Marta wondered if the criminal had been looking for something special. On the bedroom floor lay a small jewellery box that had been emptied. A handbag had been dumped out and its contents strewn over the floor. Nearby was a wallet, empty of banknotes and credit cards.
In the bathroom, the medicine cabinet was bare; everything torn from it in the same frenzied way. An empty medicine box was lying in the bathtub, and there were several items in the toilet as well: nail clippers, a soap dispenser. A blister pack of Atacor cholesterol tablets was floating at the top of the bowl. The woman had had high cholesterol. Marta reached for the box lying in the bathtub, and as far as she could tell, the woman had also been suffering a serious illness.
She found no computer, neither a desktop nor laptop. No mobile phone or tablet, either. She presumed that the woman hadn’t had profiles on Facebook or Twitter. An old-fashioned telephone that had been standing on a table in the hall had toppled to the floor. Marta knew elderly people who didn’t want any of that computer rubbish in their houses and believed the internet was evil. Still, she thought the woman in the flat was a bit youngish to have denied the computer revolution altogether.
There was a desk in one corner of the living room, and papers and newspapers lay scattered around it. Prescriptions and bills from medical specialists, all sorts of memos, shopping lists and other notes lay either on top of the desk or under it. Marta picked up a few of them and looked them over, until, in one of the memos, she noticed a phone number that she knew well. No name was written along with it, and Marta stared at the number for several moments, wondering what connections there could possibly be between it and the woman. Deciding not to wait to find out, she took out her mobile phone and called the number. After a moment or two, a familiar voice answered the phone.
‘Konrád.’
‘Am I disturbing you?’
‘What’s up?’
‘Do you know a woman named Valborg?’
‘No.’
‘She seems to know you,’ said Marta.
‘Hmm? Valborg? I don’t remember...’
There was a short silence on the line.
‘Yes, hold on, is she an elderly woman?’ Konrád asked.

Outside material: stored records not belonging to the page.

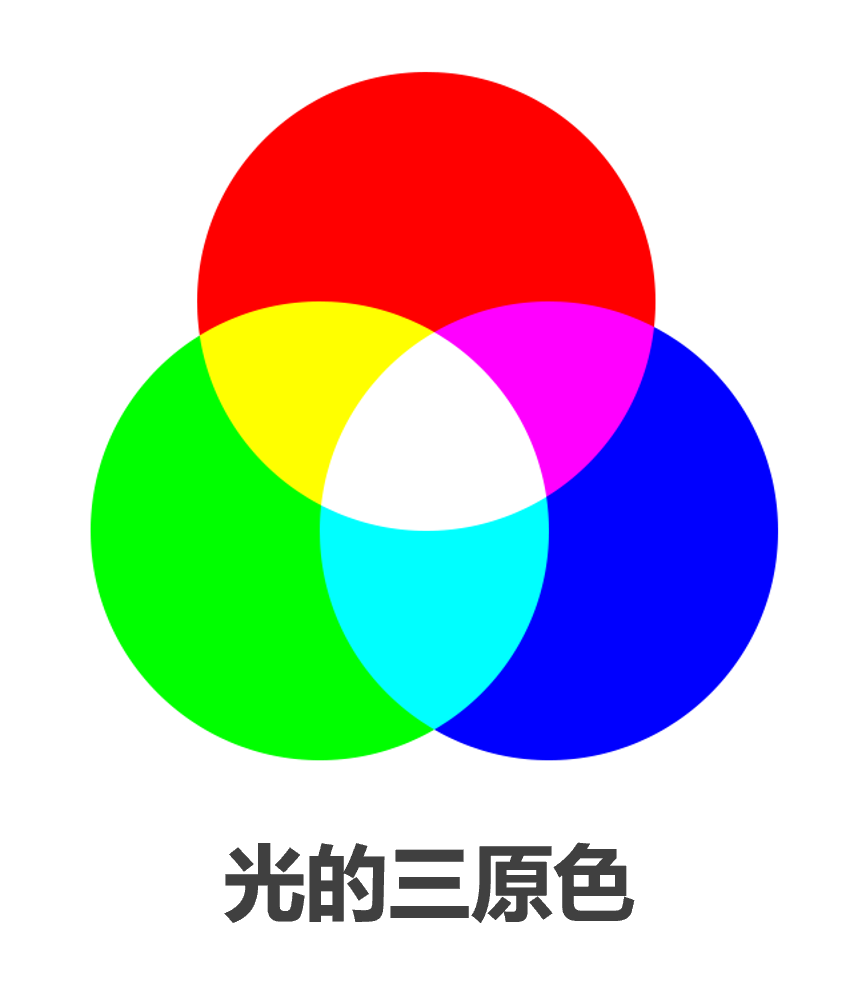 与人类眼睛有三种视锥细胞对应,光的三原色是红、绿、蓝。只需要这三种基础光就能混合出大部分颜色,比如红光+绿光混合出黄光;红光+蓝光混合出品红光;绿光+蓝光混合出青光;当红、绿、蓝以相同强度叠加时,会直接变成白光。
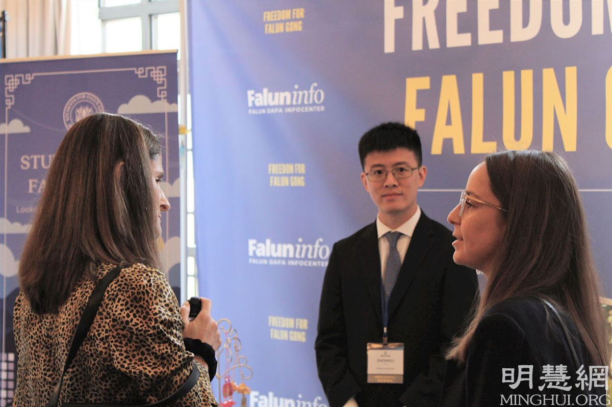 法轮功学生会是展厅中46个展位之一。来自社会各界不同年龄的人来参观了这个展位。法轮功学员们向宗教领袖、大使馆成员、议员、企业家、媒体发言人和记者、国际研究的年轻实习生等讲述了法轮功被迫害的真相。
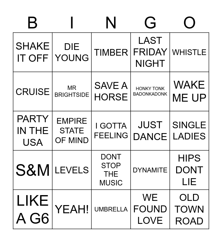 This bingo card has 45 words: TIME OF OUR LIVES, I GOTTA FEELING, PARTY ROCK ANTHEM, LIKE A G6, GOOD FEELING, WE FOUND LOVE, TIMBER, THE NIGHTS, WHISTLE, YEAH!, LAST FRIDAY NIGHT, JUST DANCE, DONT STOP THE MUSIC, LEVELS, CANT STOP THE FEELING, UMBRELLA, TIK TOK, PARTY IN THE USA, HAPPY, WAKE ME UP, DIE YOUNG, POKER FACE, BEAUTIFUL GIRLS, SHAKE IT OFF, GANGNAM STYLE, SINGLE LADIES, ROCK YOUR BODY, GASOLINA, DYNAMITE, S&M, CANT HOLD US, HIPS DONT LIE, TOXIC, RIGHT ROUND, HOTEL ROOM SERVICE, EMPIRE STATE OF MIND, CAKE BY THE OCEAN, SHOTS, OLD TOWN ROAD, SAVE A HORSE, CRUISE, HONKY TONK BADONKADONK, COUNTRY GIRLS, MR BRIGHTSIDE and REHAB.
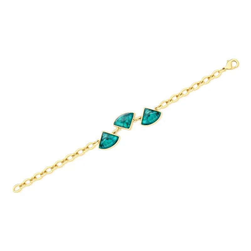 This elegant bracelet is 18K gold-plated with beautiful emerald gemstones. The emerald, with its vibrant and deep color, reflects the continuous renewal that women experience, whether in their role as leader, mother, creator, or dreamer.
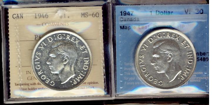 1947 $1 ML Dbl HP CCCS VF30 & 1946 ICCS MS60. Lot of 2 coins.
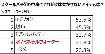 ・高校生を対象とした外部調査※4において、“スクールバッグの中身でこれだけは欠かせないアイテム”として「イヤフォン」「財布」「モバイルバッテリー」に次いで4位に「水/ミネラルウォーター」がランクイン。選んだ理由としては「こまめに飲むようにしているからないと困る」といった声だけでなく、「小腹が空いたときや眠気覚ましに飲んでいるので必須アイテム」という声も見受けられました。高校生の中では“いつも持ち歩くものの定番”として定着している様子が伺えます。
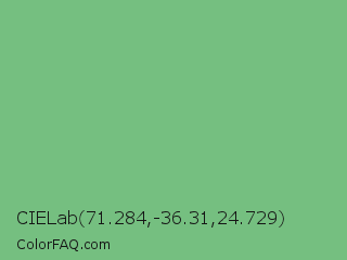 CIELab 71.284,-36.31,24.729 Color is a normal green color and the nearest color is Iguana Green #71bc78. Hex code #75bf80 and RGB value is rgb(117,191,128). In RGB color space, this color is composed of 46% red, 75% green, 50% blue, In CMYK color space, this color is composed of 39% cyan, 0% magenta, 33% yellow , 25% black , In HSL color space, this color has a hue angle of 129° , 37% saturation and 60% lightness.
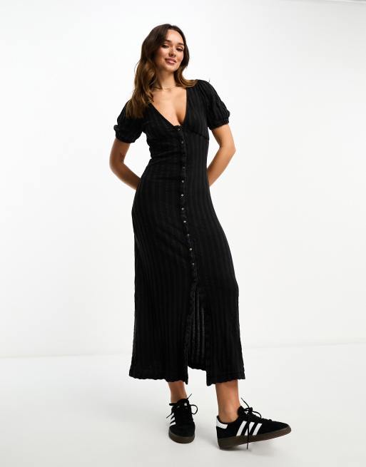 ASOS DESIGN - Robe mi-longue boutonnée à volants - Noir

‘I found your number on her desk. She’s dead.’
‘Dead?’
‘Yes.’
‘Are you at her place? Did something happen to her? What are you doing over there?’
‘Her house was broken into and she was suffocated,’ said Marta. ‘With a plastic bag, probably.’
‘Are you serious?!’
‘How do you know her?’
‘I don’t know her at all,’ Konrád said, and Marta sensed over the phone how startled he was at this news. ‘If it’s the same woman. She knew I’d been on the force and wanted to meet me. It was around two months ago, I guess... Did you say a plastic bag?’
‘What did she want from you?’
‘Is she dead?’ Konrád stammered. ‘It took me a moment to place her name, but I remember her well because what she wanted was rather unique. She asked if I could find her child.’